_Problem description_: Work through the listing below and give again exactly the lines from the one with "Papel de envolvimento bonito" to the one with "Характеристики Кровать Диана", both ends included. All other lines and all pictures stay out.

_Stored data_:
__________________________________________________

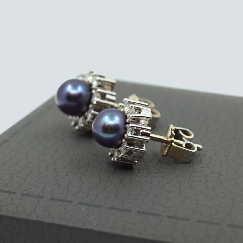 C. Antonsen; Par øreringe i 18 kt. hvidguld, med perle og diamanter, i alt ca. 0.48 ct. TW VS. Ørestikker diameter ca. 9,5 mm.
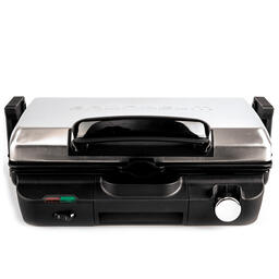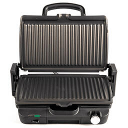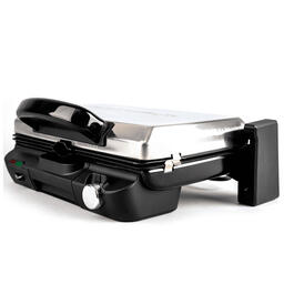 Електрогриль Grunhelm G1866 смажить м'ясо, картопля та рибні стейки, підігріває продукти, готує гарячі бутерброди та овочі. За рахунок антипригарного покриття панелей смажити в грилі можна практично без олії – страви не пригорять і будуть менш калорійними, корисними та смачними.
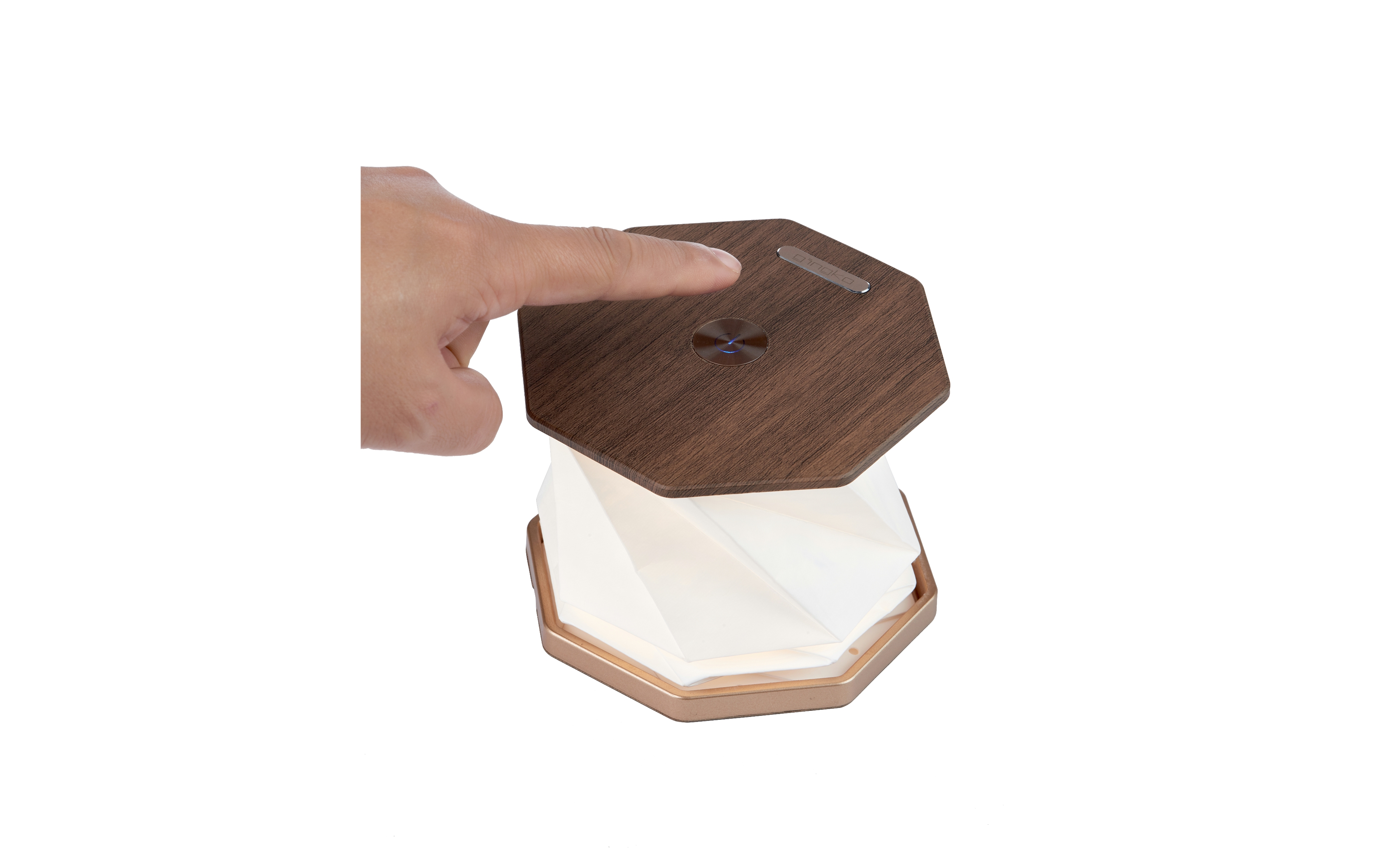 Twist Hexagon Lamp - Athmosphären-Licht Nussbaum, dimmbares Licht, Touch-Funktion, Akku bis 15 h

__________________________________________________

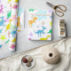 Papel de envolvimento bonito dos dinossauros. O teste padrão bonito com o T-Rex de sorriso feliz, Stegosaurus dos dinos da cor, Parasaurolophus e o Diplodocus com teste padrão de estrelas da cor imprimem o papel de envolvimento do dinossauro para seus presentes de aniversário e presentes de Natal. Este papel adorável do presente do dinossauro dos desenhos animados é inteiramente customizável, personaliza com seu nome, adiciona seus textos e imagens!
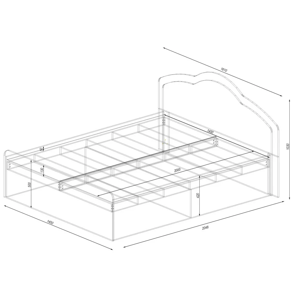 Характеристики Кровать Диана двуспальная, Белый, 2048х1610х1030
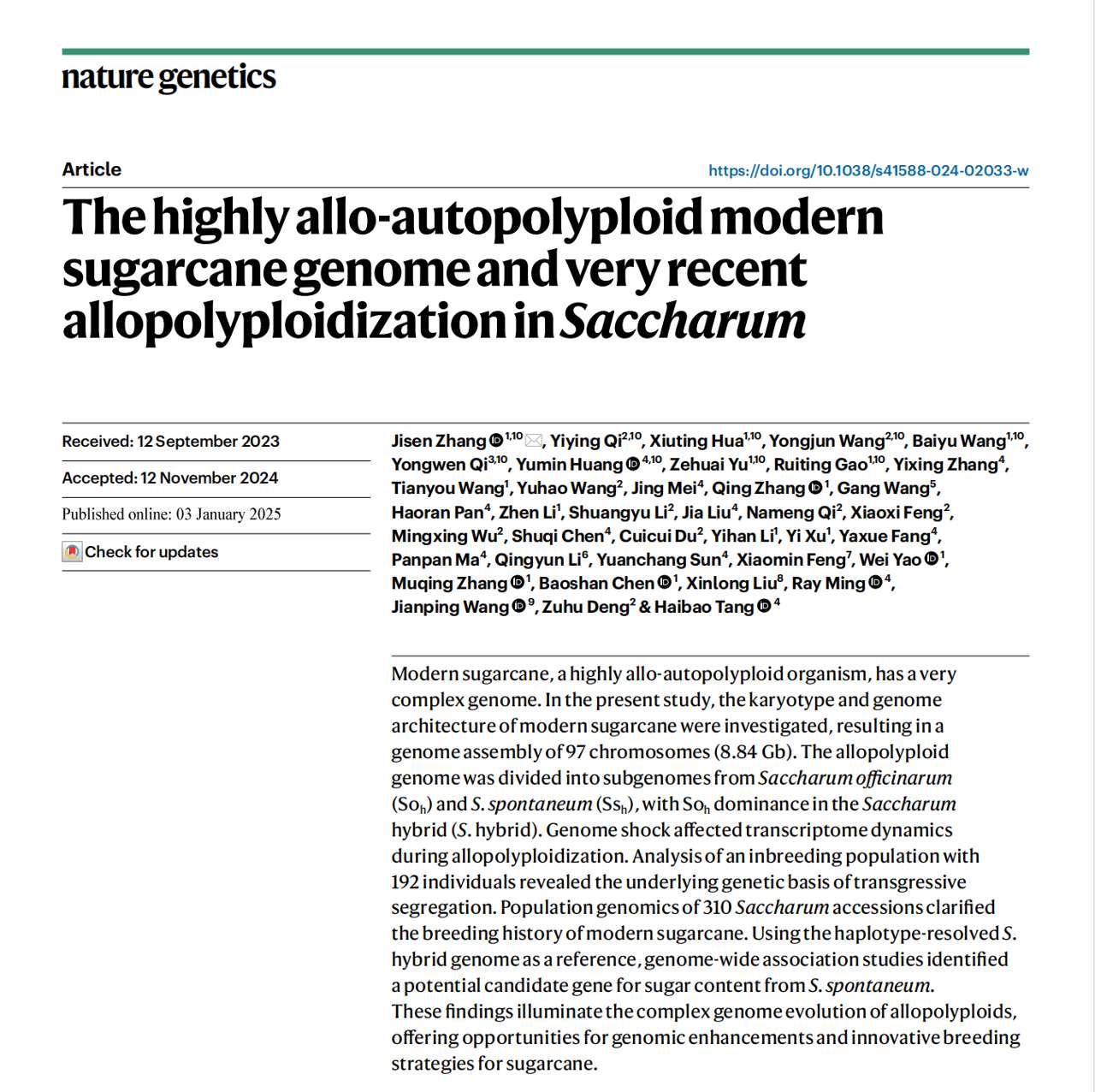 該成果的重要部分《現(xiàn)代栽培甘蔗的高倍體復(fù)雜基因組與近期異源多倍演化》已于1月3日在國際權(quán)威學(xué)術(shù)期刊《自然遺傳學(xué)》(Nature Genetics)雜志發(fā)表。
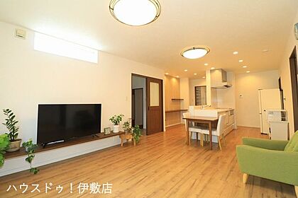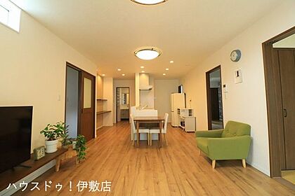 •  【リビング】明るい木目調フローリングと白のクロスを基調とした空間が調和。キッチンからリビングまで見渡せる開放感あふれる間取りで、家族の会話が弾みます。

__________________________________________________

_Solved problem_:
 Papel de envolvimento bonito dos dinossauros. O teste padrão bonito com o T-Rex de sorriso feliz, Stegosaurus dos dinos da cor, Parasaurolophus e o Diplodocus com teste padrão de estrelas da cor imprimem o papel de envolvimento do dinossauro para seus presentes de aniversário e presentes de Natal. Este papel adorável do presente do dinossauro dos desenhos animados é inteiramente customizável, personaliza com seu nome, adiciona seus textos e imagens!
 Характеристики Кровать Диана двуспальная, Белый, 2048х1610х1030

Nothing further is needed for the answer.